- [DATA EXTRACT]
====

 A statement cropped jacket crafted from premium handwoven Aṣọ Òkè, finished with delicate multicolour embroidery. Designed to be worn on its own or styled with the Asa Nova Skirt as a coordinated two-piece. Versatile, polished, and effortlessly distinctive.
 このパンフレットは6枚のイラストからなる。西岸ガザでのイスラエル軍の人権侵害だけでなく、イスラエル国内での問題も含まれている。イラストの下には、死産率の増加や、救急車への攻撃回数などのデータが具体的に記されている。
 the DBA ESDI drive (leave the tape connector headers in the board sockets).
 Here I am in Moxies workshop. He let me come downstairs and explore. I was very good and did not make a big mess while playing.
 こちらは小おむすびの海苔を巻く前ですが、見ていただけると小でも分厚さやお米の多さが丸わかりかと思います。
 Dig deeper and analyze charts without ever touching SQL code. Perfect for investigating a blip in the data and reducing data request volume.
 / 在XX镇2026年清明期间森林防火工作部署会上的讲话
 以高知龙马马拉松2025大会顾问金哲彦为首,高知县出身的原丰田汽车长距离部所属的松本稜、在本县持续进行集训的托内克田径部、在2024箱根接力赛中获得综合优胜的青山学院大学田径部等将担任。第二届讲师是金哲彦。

====

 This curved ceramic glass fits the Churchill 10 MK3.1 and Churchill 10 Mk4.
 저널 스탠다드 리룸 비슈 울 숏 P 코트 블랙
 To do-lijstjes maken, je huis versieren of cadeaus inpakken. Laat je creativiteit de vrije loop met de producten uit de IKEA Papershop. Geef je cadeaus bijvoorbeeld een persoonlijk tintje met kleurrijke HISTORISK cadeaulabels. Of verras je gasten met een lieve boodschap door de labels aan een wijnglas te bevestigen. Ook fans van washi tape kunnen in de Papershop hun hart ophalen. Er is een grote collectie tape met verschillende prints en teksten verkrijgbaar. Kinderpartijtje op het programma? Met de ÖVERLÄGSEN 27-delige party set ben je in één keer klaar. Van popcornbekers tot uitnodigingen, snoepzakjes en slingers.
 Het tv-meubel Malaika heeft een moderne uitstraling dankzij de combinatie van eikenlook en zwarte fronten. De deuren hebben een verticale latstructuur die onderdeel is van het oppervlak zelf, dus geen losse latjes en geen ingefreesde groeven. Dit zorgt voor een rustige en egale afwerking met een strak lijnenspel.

====

- [TASK OBJECTIVE] Among the entries above, locate the lines containing "A statement cropped" and "以高知龙马马拉松2025大会", and transcribe exactly those two lines and all lines between.

- [YOUR SOLUTION]
 A statement cropped jacket crafted from premium handwoven Aṣọ Òkè, finished with delicate multicolour embroidery. Designed to be worn on its own or styled with the Asa Nova Skirt as a coordinated two-piece. Versatile, polished, and effortlessly distinctive.
 このパンフレットは6枚のイラストからなる。西岸ガザでのイスラエル軍の人権侵害だけでなく、イスラエル国内での問題も含まれている。イラストの下には、死産率の増加や、救急車への攻撃回数などのデータが具体的に記されている。
 the DBA ESDI drive (leave the tape connector headers in the board sockets).
 Here I am in Moxies workshop. He let me come downstairs and explore. I was very good and did not make a big mess while playing.
 こちらは小おむすびの海苔を巻く前ですが、見ていただけると小でも分厚さやお米の多さが丸わかりかと思います。
 Dig deeper and analyze charts without ever touching SQL code. Perfect for investigating a blip in the data and reducing data request volume.
 / 在XX镇2026年清明期间森林防火工作部署会上的讲话
 以高知龙马马拉松2025大会顾问金哲彦为首,高知县出身的原丰田汽车长距离部所属的松本稜、在本县持续进行集训的托内克田径部、在2024箱根接力赛中获得综合优胜的青山学院大学田径部等将担任。第二届讲师是金哲彦。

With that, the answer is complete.